La máquina del
tiempo de Wes Anderson
Por
Leandro Arteaga
El colega, amigo, Emilio Bellon supo decir a este
cronista que Un reino bajo la luna es
un “reencuentro con los rompecabezas olvidados en un desván de recuerdos”.
Porque, presume quien escribe, hay siempre una pieza faltante que, por
fundacional, viene al rescate cada vez que se la llama y –a la manera del “rosebud”
wellesiano- articula, desarticula, rearticula, toda vida; esto es, la infancia.
La última película de Wes Anderson (Los excéntricos Tenembaums, Vida acuática, Viaje a Darjeeling) es una invitación al mundo de la niñez, teñido
con algo de infancia, también con una pizca apenas de adolescencia.

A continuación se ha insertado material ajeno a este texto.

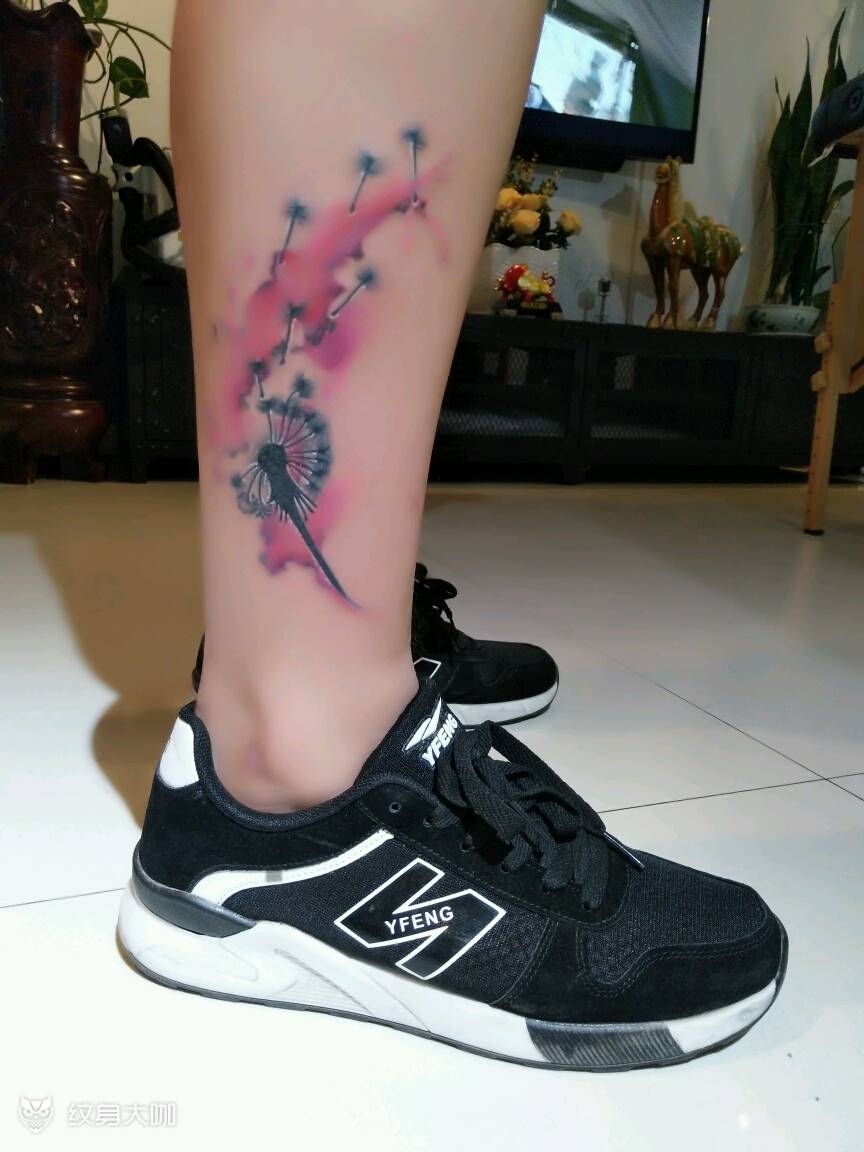 当前位置: 首页 >辽宁省沈阳市纹身店-沈阳513刺青纹身图案>原创蒲公英纹身图片_腿部清新植物静物原创成品纹身图案

El marco
está dado por una isla, plena década de los años ’60, entre dos niños de diez
años que elijen dejar sus hogares (familia en un caso, la comunidad boy-scout
en el otro) para encontrarse entre ellos y lejos de los demás, en una aventura
de compañía, de deseo, de vida.
Anderson conoce un derrotero en su obra que le ha
vuelto más y más sensible, si bien no por ello de una estética menos distante.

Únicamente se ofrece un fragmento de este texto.